* What is expected *
Starting with the first line of the records, write out each line exactly until you have included the line containing "우선, 본청 구내식당".

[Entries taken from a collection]
++++++++++

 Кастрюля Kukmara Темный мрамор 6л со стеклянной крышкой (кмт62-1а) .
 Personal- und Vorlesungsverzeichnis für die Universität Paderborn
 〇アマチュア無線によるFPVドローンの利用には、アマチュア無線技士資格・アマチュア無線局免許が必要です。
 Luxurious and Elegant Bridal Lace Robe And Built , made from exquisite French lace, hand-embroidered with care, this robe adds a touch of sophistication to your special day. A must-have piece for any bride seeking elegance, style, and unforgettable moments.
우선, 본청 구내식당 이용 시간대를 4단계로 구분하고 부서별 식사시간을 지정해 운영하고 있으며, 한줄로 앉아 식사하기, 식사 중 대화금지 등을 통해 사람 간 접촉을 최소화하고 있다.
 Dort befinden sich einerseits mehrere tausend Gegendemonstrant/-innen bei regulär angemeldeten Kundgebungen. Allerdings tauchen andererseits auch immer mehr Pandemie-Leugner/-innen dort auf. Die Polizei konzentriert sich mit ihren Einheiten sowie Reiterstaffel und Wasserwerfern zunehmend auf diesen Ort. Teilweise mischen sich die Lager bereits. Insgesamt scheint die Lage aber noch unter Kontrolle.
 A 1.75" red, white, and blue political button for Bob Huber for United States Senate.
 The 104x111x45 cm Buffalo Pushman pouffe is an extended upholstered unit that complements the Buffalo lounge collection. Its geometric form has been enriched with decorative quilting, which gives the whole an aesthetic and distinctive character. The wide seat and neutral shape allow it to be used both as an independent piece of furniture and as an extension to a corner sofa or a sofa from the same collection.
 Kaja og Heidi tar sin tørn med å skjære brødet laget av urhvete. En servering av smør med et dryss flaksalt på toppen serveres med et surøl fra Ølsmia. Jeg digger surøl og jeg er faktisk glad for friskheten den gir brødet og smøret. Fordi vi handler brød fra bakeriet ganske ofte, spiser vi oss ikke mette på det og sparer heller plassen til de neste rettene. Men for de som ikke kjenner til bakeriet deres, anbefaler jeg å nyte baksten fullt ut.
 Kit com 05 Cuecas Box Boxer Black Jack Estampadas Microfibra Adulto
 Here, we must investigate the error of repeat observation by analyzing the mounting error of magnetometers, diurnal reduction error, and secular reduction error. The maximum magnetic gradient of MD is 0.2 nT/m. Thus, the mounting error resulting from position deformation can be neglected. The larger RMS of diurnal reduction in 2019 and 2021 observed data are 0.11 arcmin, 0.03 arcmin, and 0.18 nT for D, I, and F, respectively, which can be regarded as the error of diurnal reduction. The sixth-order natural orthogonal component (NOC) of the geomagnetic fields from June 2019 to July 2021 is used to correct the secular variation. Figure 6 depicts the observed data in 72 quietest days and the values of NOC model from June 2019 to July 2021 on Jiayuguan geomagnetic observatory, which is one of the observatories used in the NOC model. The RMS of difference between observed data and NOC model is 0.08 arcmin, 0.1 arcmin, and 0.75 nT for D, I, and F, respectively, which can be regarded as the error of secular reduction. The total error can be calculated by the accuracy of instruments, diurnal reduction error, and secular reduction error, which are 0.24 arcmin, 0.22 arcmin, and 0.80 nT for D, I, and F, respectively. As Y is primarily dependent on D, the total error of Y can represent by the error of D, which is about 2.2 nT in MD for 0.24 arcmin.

++++++++++

* Solved problem *
 Кастрюля Kukmara Темный мрамор 6л со стеклянной крышкой (кмт62-1а) .
 Personal- und Vorlesungsverzeichnis für die Universität Paderborn
 〇アマチュア無線によるFPVドローンの利用には、アマチュア無線技士資格・アマチュア無線局免許が必要です。
 Luxurious and Elegant Bridal Lace Robe And Built , made from exquisite French lace, hand-embroidered with care, this robe adds a touch of sophistication to your special day. A must-have piece for any bride seeking elegance, style, and unforgettable moments.
우선, 본청 구내식당 이용 시간대를 4단계로 구분하고 부서별 식사시간을 지정해 운영하고 있으며, 한줄로 앉아 식사하기, 식사 중 대화금지 등을 통해 사람 간 접촉을 최소화하고 있다.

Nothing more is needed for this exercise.